[WHAT YOU NEED TO DO]
Copy word for word the lines of the records below, beginning at the one with "Variation curve of" and finishing at the one with "陀螺儀硬件電路原理圖如圖2所", ends included, but none of the pictures.

[SOURCE MATERIAL]

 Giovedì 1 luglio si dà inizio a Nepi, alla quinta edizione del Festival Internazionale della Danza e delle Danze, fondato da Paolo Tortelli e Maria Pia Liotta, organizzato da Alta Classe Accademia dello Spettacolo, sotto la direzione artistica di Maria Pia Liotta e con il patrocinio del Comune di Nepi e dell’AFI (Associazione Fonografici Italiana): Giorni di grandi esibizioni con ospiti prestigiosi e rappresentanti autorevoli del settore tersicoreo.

...

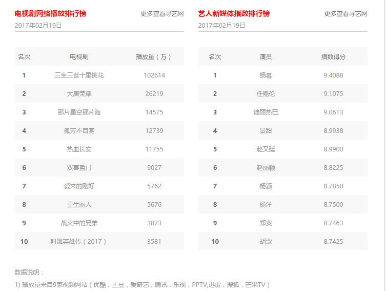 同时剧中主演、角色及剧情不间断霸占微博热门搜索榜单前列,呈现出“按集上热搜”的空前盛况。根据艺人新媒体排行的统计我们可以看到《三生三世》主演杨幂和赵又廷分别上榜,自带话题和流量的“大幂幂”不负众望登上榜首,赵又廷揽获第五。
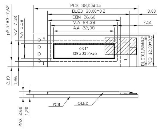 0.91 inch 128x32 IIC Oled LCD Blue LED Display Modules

...

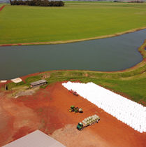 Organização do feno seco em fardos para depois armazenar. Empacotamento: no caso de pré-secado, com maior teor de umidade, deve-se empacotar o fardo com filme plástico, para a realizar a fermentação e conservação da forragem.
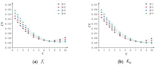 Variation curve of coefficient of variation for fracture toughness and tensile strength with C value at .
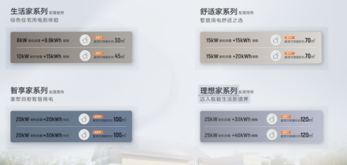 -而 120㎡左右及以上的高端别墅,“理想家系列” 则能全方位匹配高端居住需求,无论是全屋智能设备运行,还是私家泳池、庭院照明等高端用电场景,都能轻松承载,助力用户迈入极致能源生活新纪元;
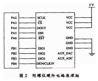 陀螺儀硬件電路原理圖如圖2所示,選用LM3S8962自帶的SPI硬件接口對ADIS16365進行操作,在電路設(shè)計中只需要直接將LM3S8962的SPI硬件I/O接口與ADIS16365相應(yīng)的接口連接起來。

[EXERCISE OUTPUT]
 Variation curve of coefficient of variation for fracture toughness and tensile strength with C value at .
 -而 120㎡左右及以上的高端别墅,“理想家系列” 则能全方位匹配高端居住需求,无论是全屋智能设备运行,还是私家泳池、庭院照明等高端用电场景,都能轻松承载,助力用户迈入极致能源生活新纪元;
 陀螺儀硬件電路原理圖如圖2所示,選用LM3S8962自帶的SPI硬件接口對ADIS16365進行操作,在電路設(shè)計中只需要直接將LM3S8962的SPI硬件I/O接口與ADIS16365相應(yīng)的接口連接起來。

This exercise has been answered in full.